Genoemde vragen met betrekking tot bijvoorbeeld de positie van Gasunie sluiten aan bij een lopend proces van beleidsvorming over de rol van Gasunie. In de Kamerbrief van 30 juni 2021 aangaande het toekomstige transportnet voor waterstof is aan de Tweede Kamer medegedeeld dat de staatsecretaris EZK "voornemens is om Gasunie als staatsdeelneming te vragen om de ontwikkeling van het transportnet voor waterstof op zich te nemen en om gasleidingen daadwerkelijk vrij te spelen om te kunnen hergebruiken." (Kamerstuk 32813, nr. 756 | Overheid.nl > Officiële bekendmakingen (officielebekendmakingen.nl). Het beleidsvoornemen is dus om Gasunie een soortgelijke rol te laten spelen als nu het geval is bij aardgas, dus bij de ontwikkeling van infrastructuur voor het transport en de opslag van waterstof. De komende maanden wordt de precieze rol van Gasunie in de waterstofketen nog verder uitgewerkt. De huidige wetgeving geeft Gasunie overigens al de mogelijkheid om transportleidingen te ontwikkelen voor waterstof. Vanuit die hoedanigheid als ontwikkelaar van toekomstige transport en opslag infrastructuur is Gasunie een belangrijke partner voor alle bij waterstof betrokken partijen.

Als het gaat om de rol van waterstof in de uitrol van wind op zee, ook hier is de Tweede Kamer over geïnformeerd. Het was de Tweede Kamer zelf, die hierover meerdere moties heeft aangenomen, zoals de motie Agnes Mulder over windparken op zee en groene waterstof (Kamerstuk 35300-XIII, nr. 38 | Overheid.nl > Officiële bekendmakingen (officielebekendmakingen.nl) uit 2019 en de motie Sienot/Agnes Mulder over 'Wind meets industry' (Kamerstuk 32813, nr. 547 | Overheid.nl > Officiële bekendmakingen (officielebekendmakingen.nl) uit 2020.

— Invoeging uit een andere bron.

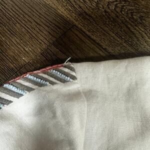 The only flaw found is a missing coral colored bead and loose thread on the left shoulder. The embroidery is in an olive green, while the beading is baby blue and light coral. Comes from pet/smoke free shop. A8 #0175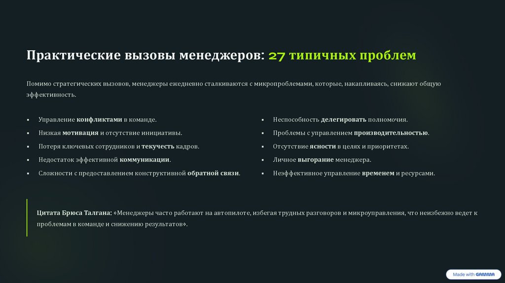 Цитата Брюса Талгана: «Менеджеры часто работают на автопилоте, избегая трудных разговоров и микроуправления, что неизбежно ведет к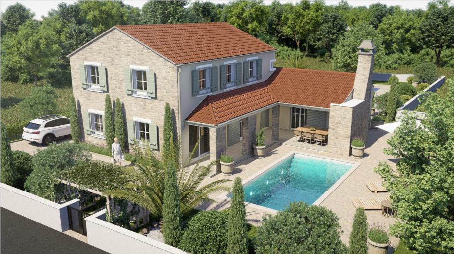 Prodaje se projekt u novogradnji, Vila sa bazenom, se velikom okućnicom na mirnoj lokacij.

Bovendien is in december 2020 een Kamerbrief over de Noordzee Energie Outlook verstuurd (Kamerstuk 32813, nr. 646 | Overheid.nl > Officiële bekendmakingen (officielebekendmakingen.nl), die onder andere ingaat op die moties en waarin uitgebreid wordt ingegaan op de koppeling tussen windenergie op zee en waterstof. Uit de onderzoeken van Guidehouse en DNVGL die met deze brief naar de Tweede Kamer zijn gestuurd, blijkt o.a. dat de koppeling van windenergie op zee en waterstof de businesscase van windparken verstevigt en daarmee bijdraagt aan zowel de continuïteit van de uitbreiding van windenergie op zee als aan de vergroening van andere sectoren. In de betreffende Kamerbrief is aangegeven dat er verder zal worden gewerkt aan instrumentarium om wind op zee en waterstof goed in samenhang te kunnen ontwikkelen. Een van de vragen die daarbij speelt, is of de opgewekte elektriciteit uit de windparken op zee als hernieuwbare elektriciteit of groene waterstof aan land wordt gebracht. Deze vragen worden momenteel nader uitgewerkt. EZK is voornemens begin 2022 een Kamerbrief te versturen waarin de nieuwe aanpak voor de toekomstige uitrol van windenergie op zee uiteengezet wordt, in navolging van de NEO-brief uit december 2020. Daarin zal opnieuw uitdrukkelijk aandacht worden besteed aan de koppeling tussen windenergie en waterstofproductie.